In May of 2017, a little known former policy advisor to former Iowa governor...now Chinese ambassador......Terry Branstad was named to the post of Acting Lieutenant Governor by the state's newly sworn in governor, Kim Reynolds.
Adam Gregg was raised in the northwest Iowa community of Hawarden and his grandfather Glenn told us last may that his grandson was up to the task. "There will be a lot of people who say he's too young but he's going to be quite an asset to us all I think before it is over and done with."

Within days of being named iieutenant governor, Gregg was back in his hometown with his new boss. "I am so thankful to have this opportunity."

And now eight months later. Adam Gregg is still pinching himself. "You could not have plotted this out. Even if you wanted to. To think of the dominos that had to fall. I'm somebody who is a religious person. To me its a God thing. No one could have set up these dominos and knocked them all down in just the right way for me to have this incredible opportunity."

Gregg says never in a million years did he think Donald Trump being elected president would lead to Iowa governor, Terry Branstad being named Chinese ambassador which would elevate former lieutenant governor Kim Reynolds into the top job...and that she would choose him as her second in command. "There's higher powers at work in this and I'm honored and blessed to have been chosen for it and I'm going to make the most of it."

Already he has a big job ahead of him.

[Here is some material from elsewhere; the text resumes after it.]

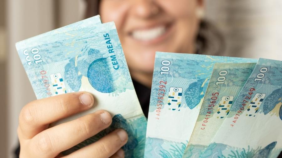 Imagem de uma mulher com laptop e cédulas de 100 reais, simbolizando o reajuste do salário mínimo em 2026

As the Iowa Legislature begins the work of dealing with clean water policy and the work still to come of having make budget cuts because of lower state revenues, Gregg has been asked by Governor Reynolds to begin working on a plan to bring economic prosperity to rural areas of the state.
And Gregg says he believes that begins with making sure all parts of Iowa have accress to high quality broadband.
He says that one aspect is more important than people realize. "When we look at making sure that there is opportunity and prosperity in rural Iowa..one element of that is making sure that young people see that there is opportunity in rural Iowa. Consider that a place where they can live. But high speed internet connectivity has become an absolute expectation of people my generation and below and so if we want them to consider opportunities in rural Iowa they absolutely have to be connected."

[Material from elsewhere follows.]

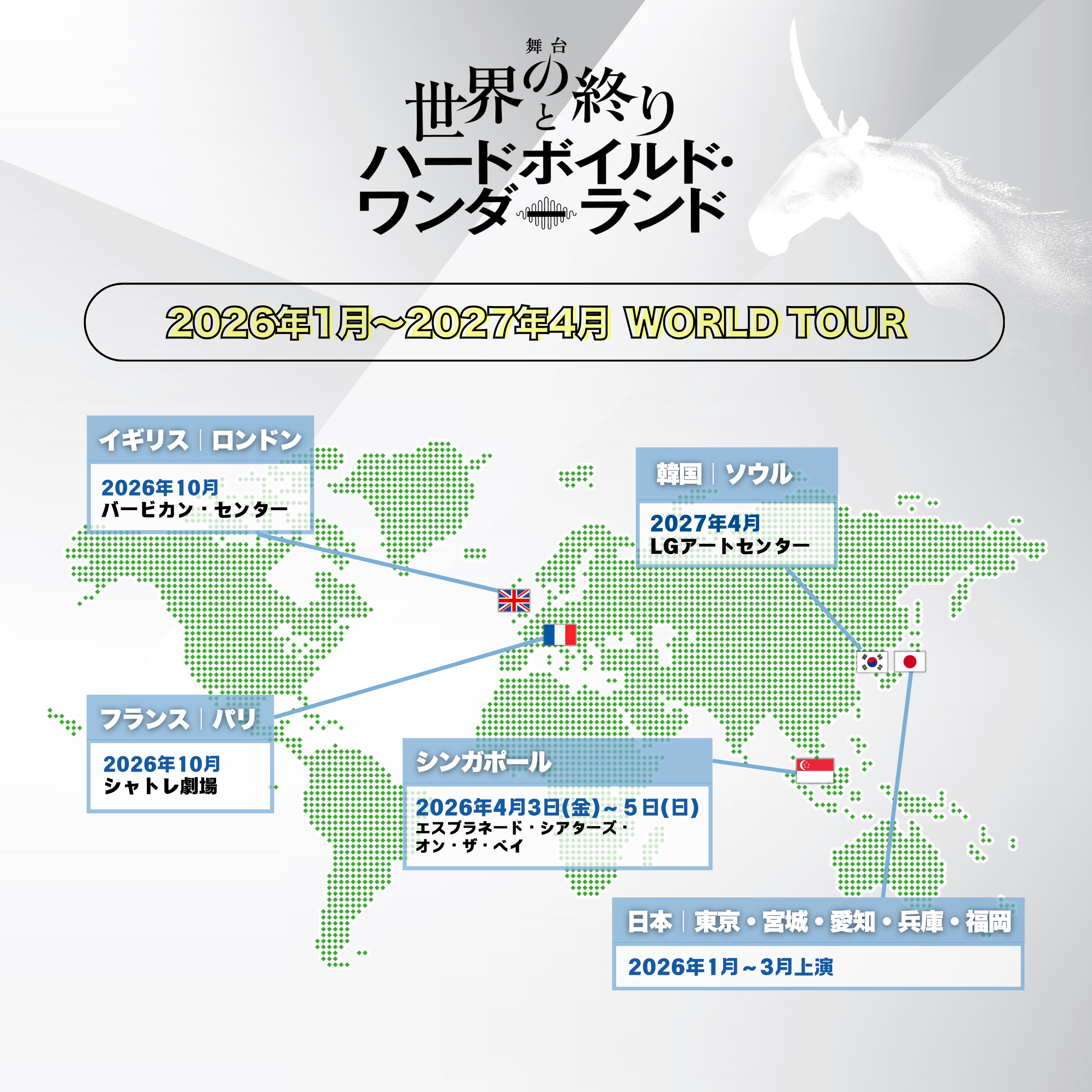 2026年1月に開幕し好評を得ている舞台『世界の終りとハードボイルド・ワンダーランド』は、東京・宮城・愛知・兵庫・福岡での公演後、各国からの熱烈なオファーによって、日本公演と同じ出演者によるワールドツアーが実現する。

And the longer is takes to conect iowa's rural area to that high speed internet, Adam says the furhter behind those areas will be if they want to attract any type of new businesses and the jobs that would come with them. "It's getting more and more critical as the economy changes. Think about the changes we have had in just the past 10-15 years in terms of how ubiquitous it has become to have basically a high speed, high powered computer in your pocket it terms of your smart phone. And that trend is going to continue as move into the internet of things. as we get to the point where our refrigerators are connected. Where our cars are increasingly connected to the point where we're moving towards ultimately driverless vehicles. That all requires high speed, high capacity internet connectivity."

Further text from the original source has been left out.